5. Neste tipo de texto há sempre um narrador que conta a acção, que é sustentada pelas personagens e se localiza num tempo e num espaço.

6. A prolepse constitui um recuo no tempo, evocação de factos ("flashback", na terminologia cinematográfica).

7. Este modo literário abrange vários géneros como a epopeia, o romance, a novela e o conto. 8. A epopeia é uma narrativa em verso, geralmente numa estrutura de poema, que traduz as façanhas ou o espírito de um povo e que tem interesse para esse povo e para a Humanidade. A sua estrutura obedece a regras rígidas.

9. A caracterização directa é feita a partir das atitudes, dos gestos, dos comportamentos e dos sentimentos da personagem ou a partir dos símbolos que a acompanham, o leitor forma as suas próprias opiniões acerca das características físicas ou psíquicas da personagem.

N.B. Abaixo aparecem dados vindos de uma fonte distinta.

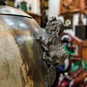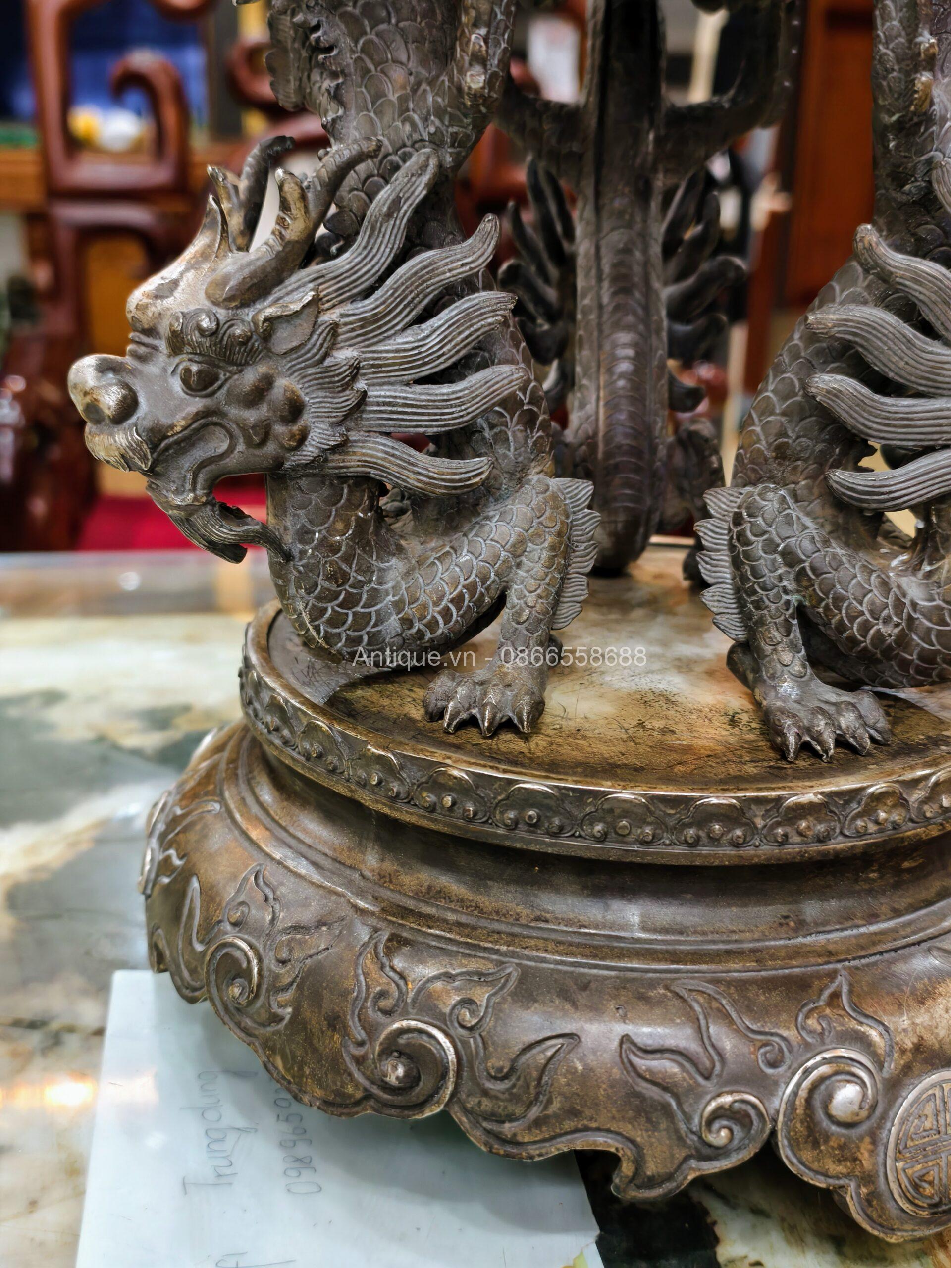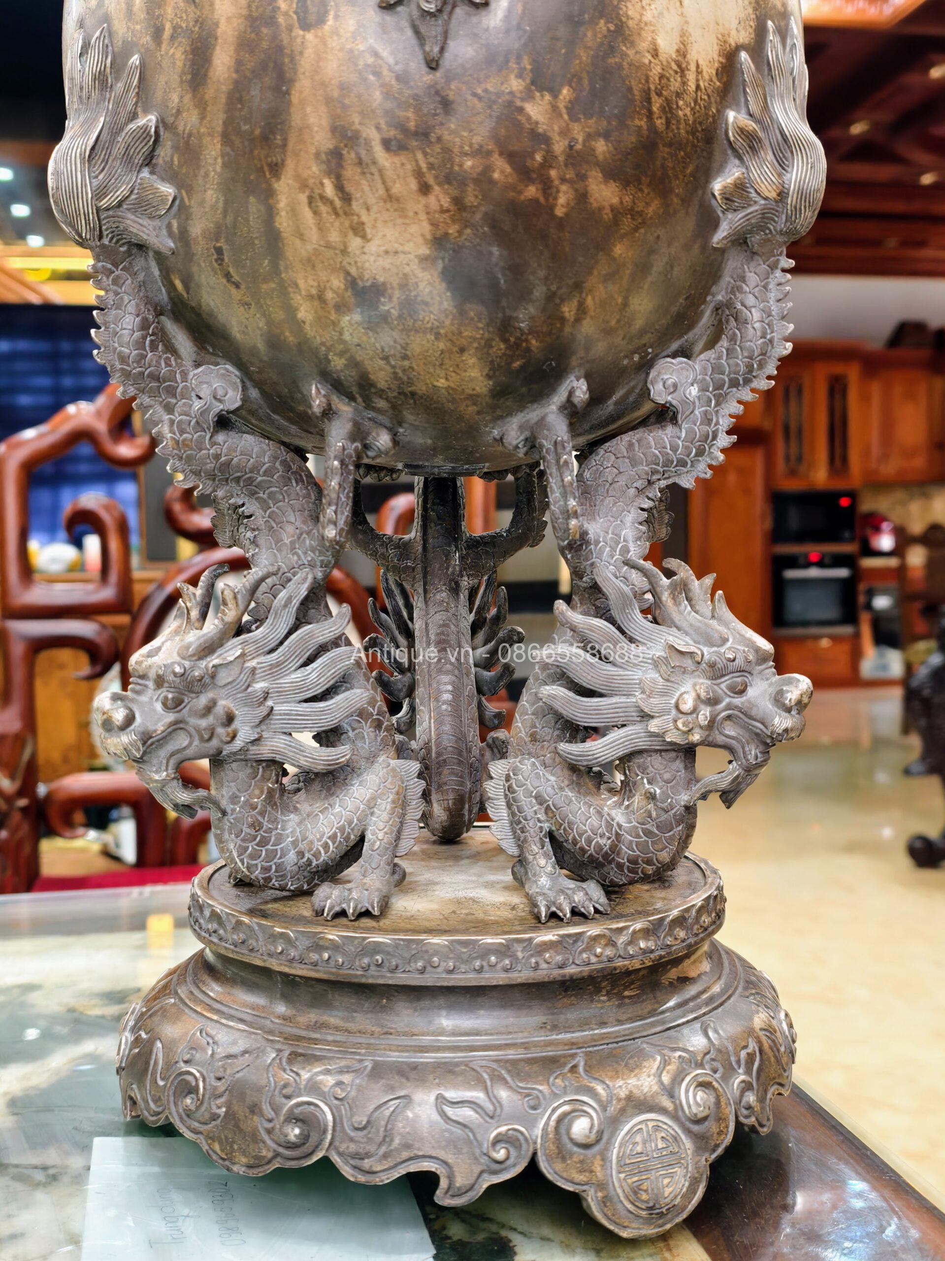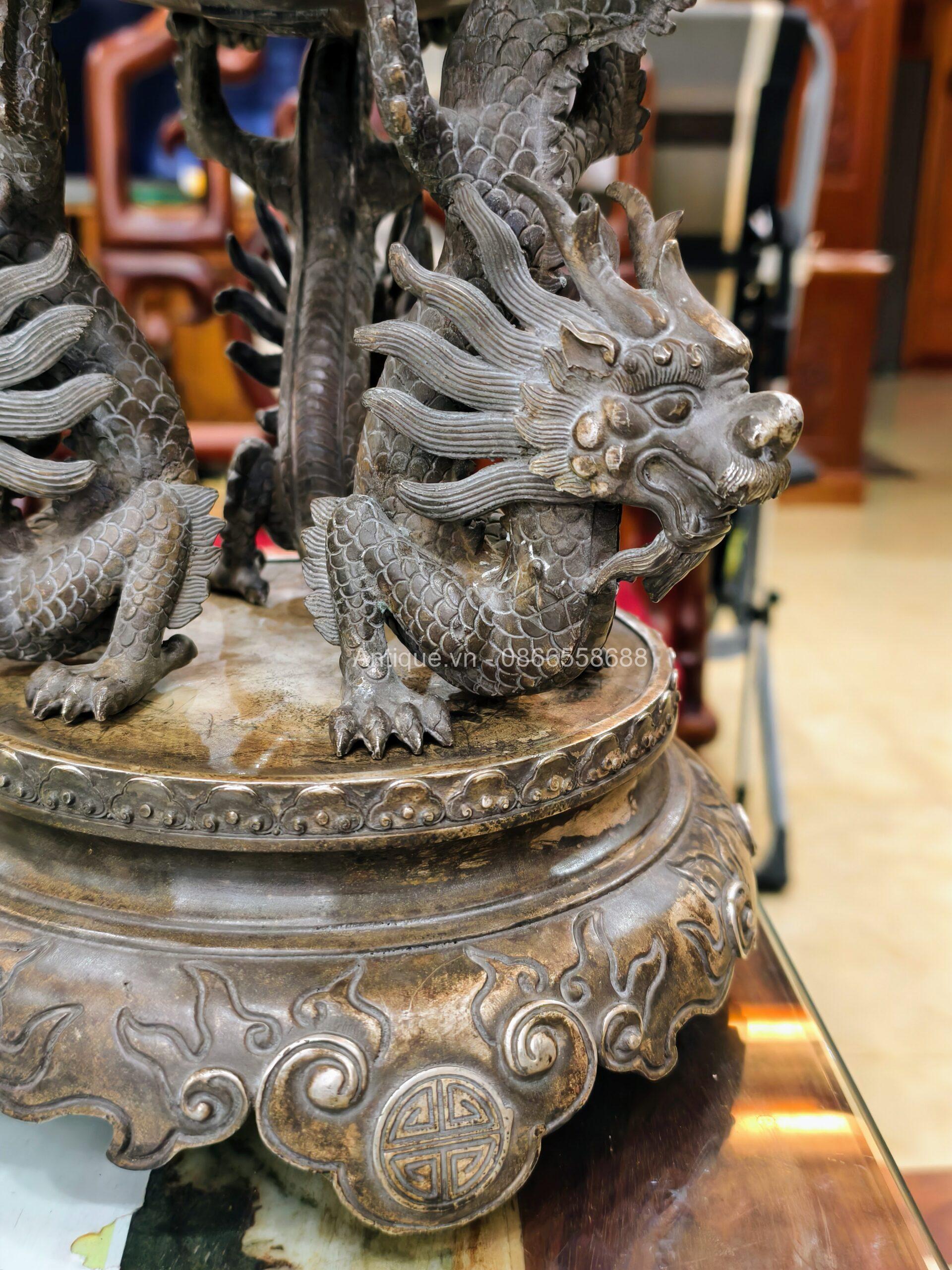 Một chiếc lư xông trầm bằng đồng, bầu đỉnh có hình dạng quả cầu, được chạm khắc năm con lân vờn quanh. Chân đế là được chạm khắc hình rồng làm chân đỡ cho quả cầu chính.

10. A novela é um género narrativo que se distingue normalmente por uma extensão menor que a do conto e maior que a do romance.

11. O conto é uma narrativa pouco extensa e concisa. Detentora de unidade dramática, a sua acção concentra-se num único ponto de interesse. Os eventos surgem concentrados, estando a descrição praticamente ausente, ao contrário do diálogo que assume um papel importante.

12. Na descrição, o tempo verbal privilegiado é pretérito imperfeito do indicativo, pelo seu valor durativo e de continuidade.

13. Na narração, o tempo verbal privilegiado é o pretérito perfeito do indicativo, na medida em que torna as acções como únicas, emprestando-lhes um carácter de momentaneidade.

14. O discurso indirecto caracteriza-se pela transcrição integral das falas das personagens.

15. No discurso directo são reproduzidas as declarações das personagens sem que, no entanto, estas falem.

16. O narrador é a entidade responsável pela produção do discurso narrativo.

17. O narrador autodiegético participa na história narrada, mas como personagem secundária.

18. O narrador homodiegético não participa como personagem na história narrada.

19. O narrador omnisciente mostra conhecer tudo, de forma limitada, tanto os pormenores da intriga como os pensamentos mais íntimos das personagens.

20. O tempo psicológico corresponde ao tempo filtrado pelas vivências psicológicas das personagens. Constitui também o referencial da mudança operada nas personagens: o desgaste que sobre elas provoca a passagem do tempo.